Ubuntu
adcli package

  1. Bug #1906627
  2. Comment #5

Comment 5 for bug 1906627

Revision history for this message
Matthew Ruffell (mruffell) wrote : Re: adcli fails, can't contact LDAP server

Yes, when --use-ldaps is specified, adcli will make a TLS connection to the domain controller, and speak LDAPS. This works, and is the reason why this bug slipped through our regression testing. I should have tested without the --use-ldaps flag as well.

Regardless, this bug seems to be caused by the GSS-SPNEGO implementation in the cyrus-sasl2 package being broken. adcli links to libsasl2-modules-gssapi-mit, which is a part of cyrus-sasl2, since adcli does not implement GSS-SPNEGO itself, and relies on cyrus-sasl libraries.
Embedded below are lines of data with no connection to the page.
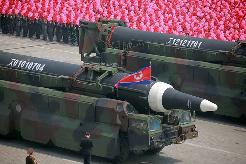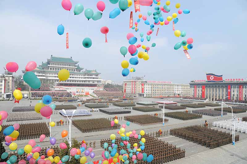 軍事パレードを終えた兵士たちを歓迎する平壌市民
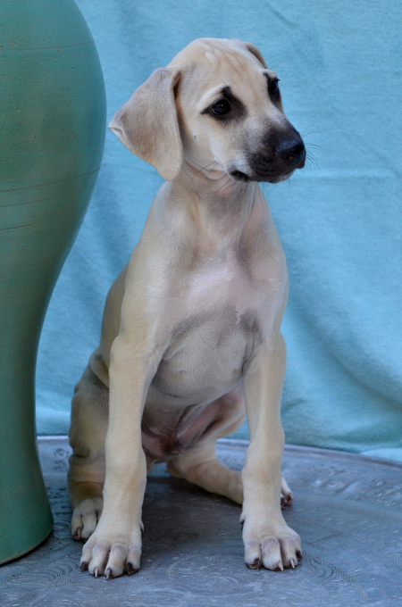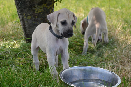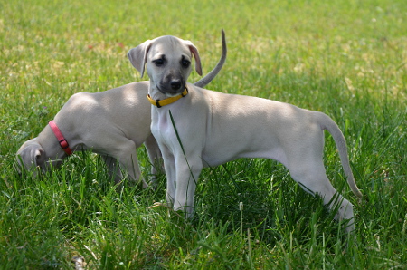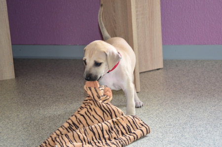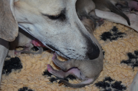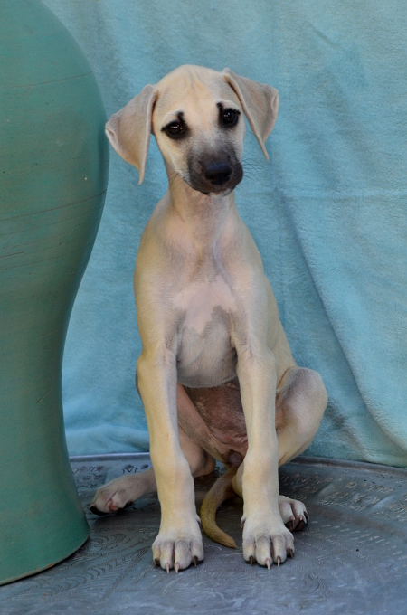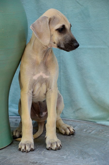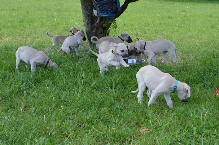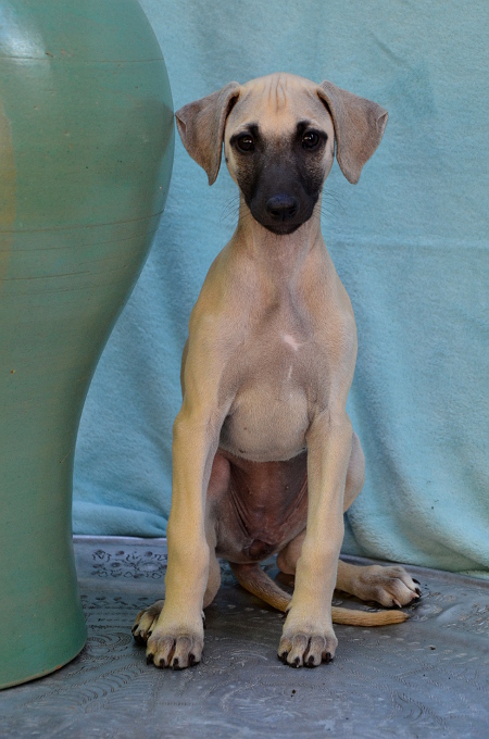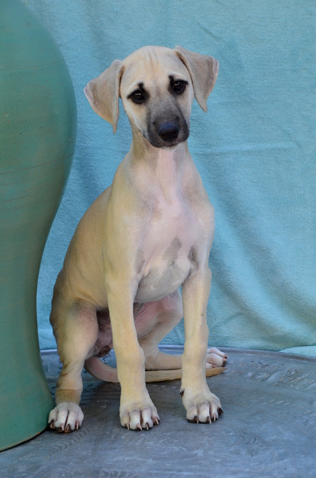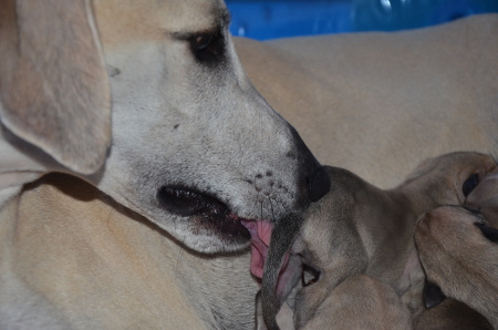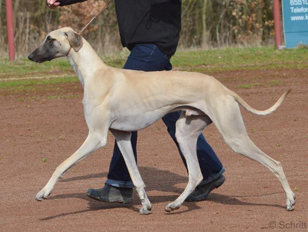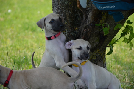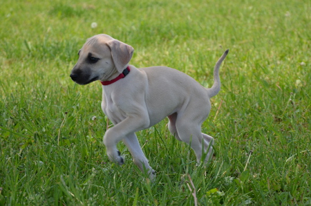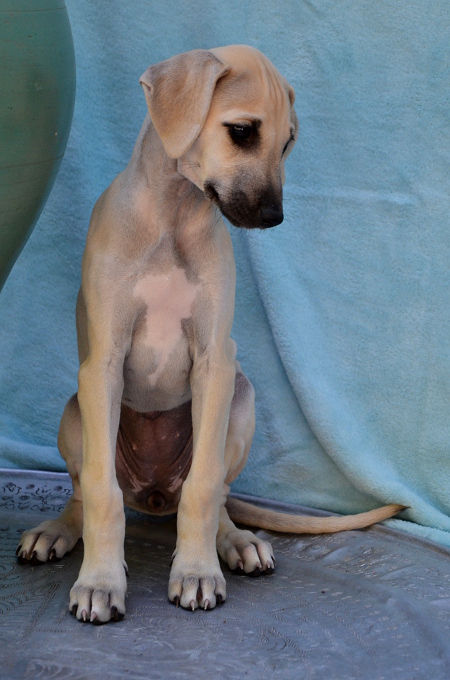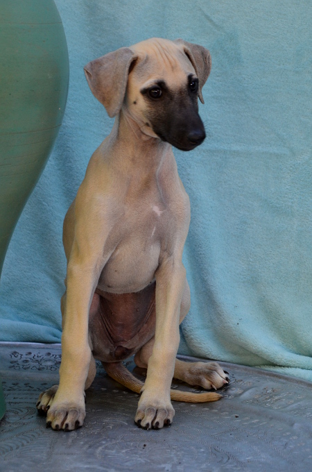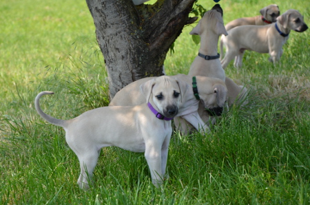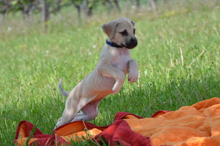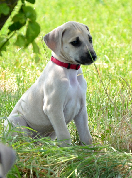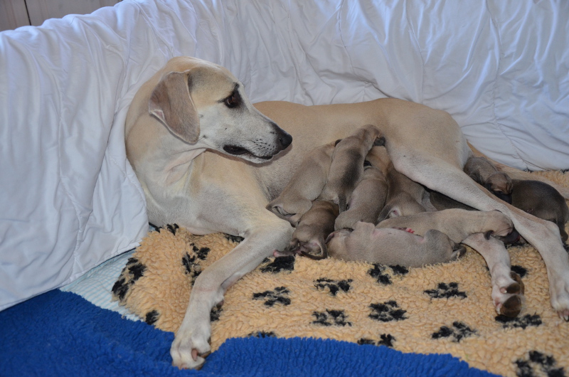 unsere 11 Aprilscherze auf die Welt. Es sind 5 Rüden und 6 Hündinnen. Dieses Mal fiel uns die Wahl einen passenden Rüden für unsere Izzi zu finden, besonders schwer! Izz al-Din ist eine große und kräftige Hündin. So sollte der Rüde eher elegant und nicht zu groß sein, aber dennoch ein Rüde darstellen. Nach langer Suche und vielem Hin und Her haben wir in Kamran dann einen mehr als würdevollen Vertreter gefunden! Izzi trägt unser heißgeliebtes nordafrikanisches Blut weiter und Kamran stammt aus den besten deutschen Linien. Wir hoffen auf substanzvolle und gesunde Welpen aus dieser Verpaarung! Mama Izzi macht mit ihren 11 Kindern einen verdammt guten Job - alle wachsen und gedeihen prächtig! |
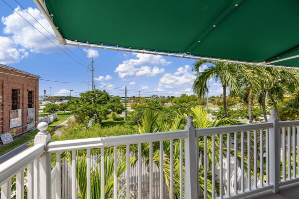 Questo recentemente rinnovato appartamento con due camere da letto si trova in The Shipyard, un quartiere di Truman Annex, nel cuore della città vecchia di Key West! Colorate, modelli di divertimento riempiono il noleggio con la vita mentre gli arredi offrono un comodo spazio di ritrovo per il vostro gruppo. Il ponte soleggiato si affaccia sulla vista a distanza dell'oceano attraverso gli alberi rigogliosi, ma può anche essere un rifugio ombreggiato con l'aiuto del tendalino regolabile.
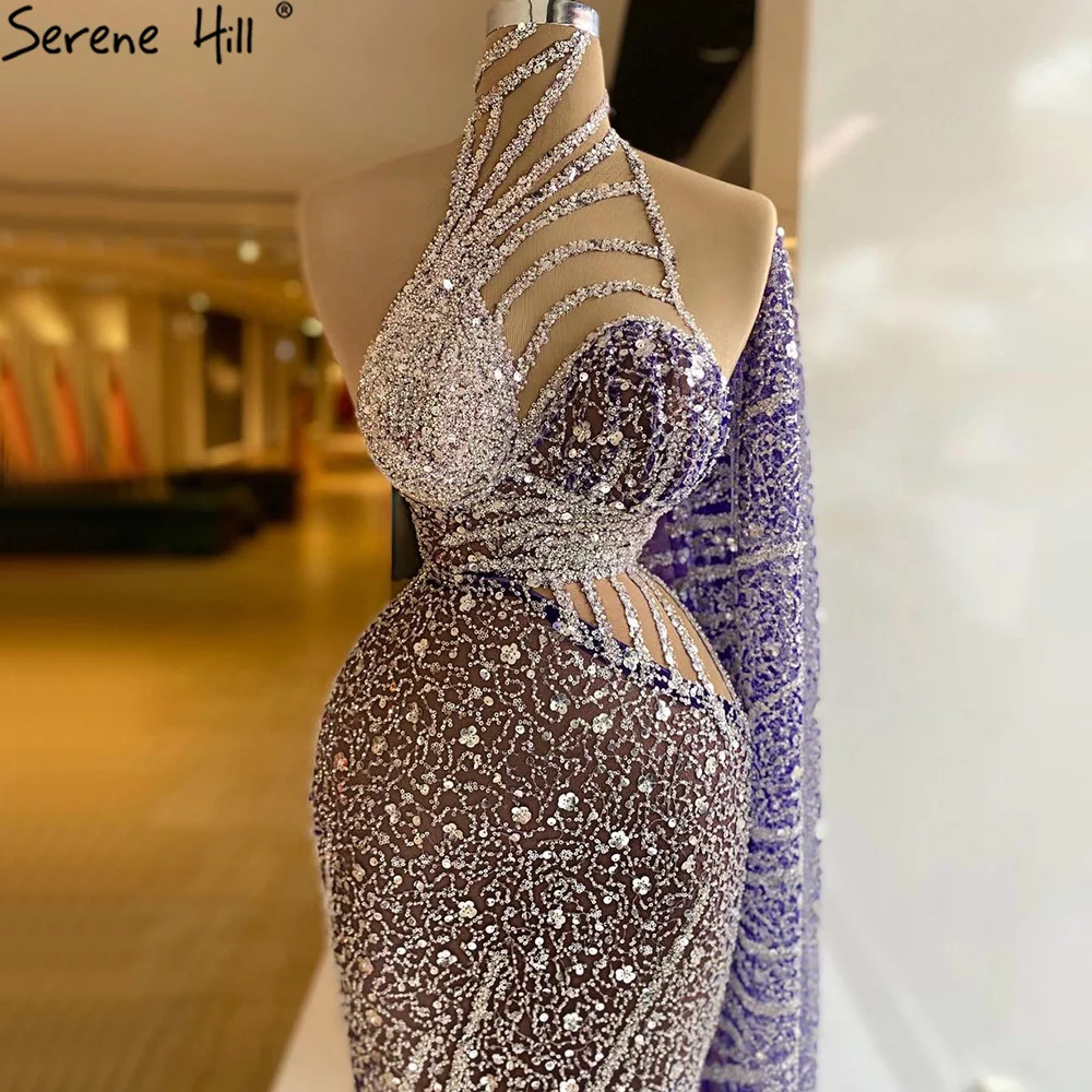 Elegante vestido de noche morado de sirena, con mangas abullonadas y cuentas, para mujer, para fiesta, LA71242
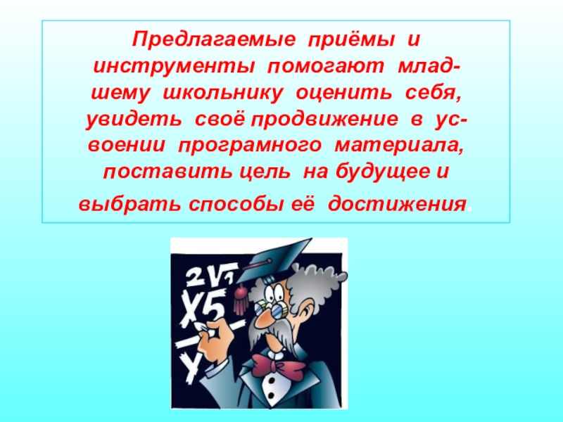 Слайд 6Приёмы по формированию контрольно-оценочной деятельности младшего школьника.

I downloaded the source package of cyrus-sasl2 2.1.27+dfsg-2 from Focal, and I built it on Bionic, and installed it. I then tried a adcli join, and it worked:

https://paste.ubuntu.com/p/R8PyHJMNtT/

Looking at the cyrus-sasl2 source repo, it seems the Bionic version is missing a lot of commits related to GSS-SPNEGO support.
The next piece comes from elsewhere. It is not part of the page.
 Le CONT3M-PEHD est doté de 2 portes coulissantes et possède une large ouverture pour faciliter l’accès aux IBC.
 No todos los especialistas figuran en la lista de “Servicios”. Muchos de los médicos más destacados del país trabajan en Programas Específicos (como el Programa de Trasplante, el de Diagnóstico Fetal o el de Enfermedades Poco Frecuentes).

Commit 816e529043de08f3f9dcc4097380de39478b0b16
From: Simo Sorce <email address hidden>
Date: Thu, 16 Feb 2017 15:25:56 -0500
Subject: Fix GSS-SPNEGO mechanism's incompatible behavior
Link: https://github.com/cyrusimap/cyrus-sasl/commit/816e529043de08f3f9dcc4097380de39478b0b16

Commit 4b0306dcd76031460246b2dabcb7db766d6b04d8
From: Simo Sorce <email address hidden>
Date: Mon, 10 Apr 2017 19:54:19 -0400
Subject: Add support for retrieving the mech_ssf
Link: https://github.com/cyrusimap/cyrus-sasl/commit/4b0306dcd76031460246b2dabcb7db766d6b04d8

Commit 31b68a9438c24fc9e3e52f626462bf514de31757
From: Ryan Tandy <email address hidden>
Date: Mon, 24 Dec 2018 15:07:02 -0800
Subject: Restore LIBS after checking gss_inquire_sec_context_by_oid
Link: https://github.com/cyrusimap/cyrus-sasl/commit/31b68a9438c24fc9e3e52f626462bf514de31757

This doesn't even seem to be a complete list either, and if we backport these patches to the Bionic cyrus-sasl2 package, it fails to build for numerous reasons.

I also found a similar bug report in Debian, which features the above third commit:
https://bugs.debian.org/cgi-bin/bugreport.cgi?bug=917129

From what I can tell, GSS-SPNEGO in cyrus-sasl2 for Bionic has never worked, and changing it to the default was a bad idea.

So, we have a decision to make. If supporting the new Active Directory requirements in ADV190023 [1][2] which adds --use-ldaps for adcli, as a part of bug 1868703 is important, and something the community wants, we need to fix up cyrus-sasl2 to have a working GSS-SPNEGO implementation.

[1] https://msrc.microsoft.com/update-guide/en-us/vulnerability/ADV190023
[2] https://support.microsoft.com/en-us/help/4520412/2020-ldap-channel-binding-and-ldap-signing-requirements-for-windows

If we don't want --use-ldaps for adcli, then we can revert the patches for adcli on Bionic, and go back to what was working previously, with GSS-API.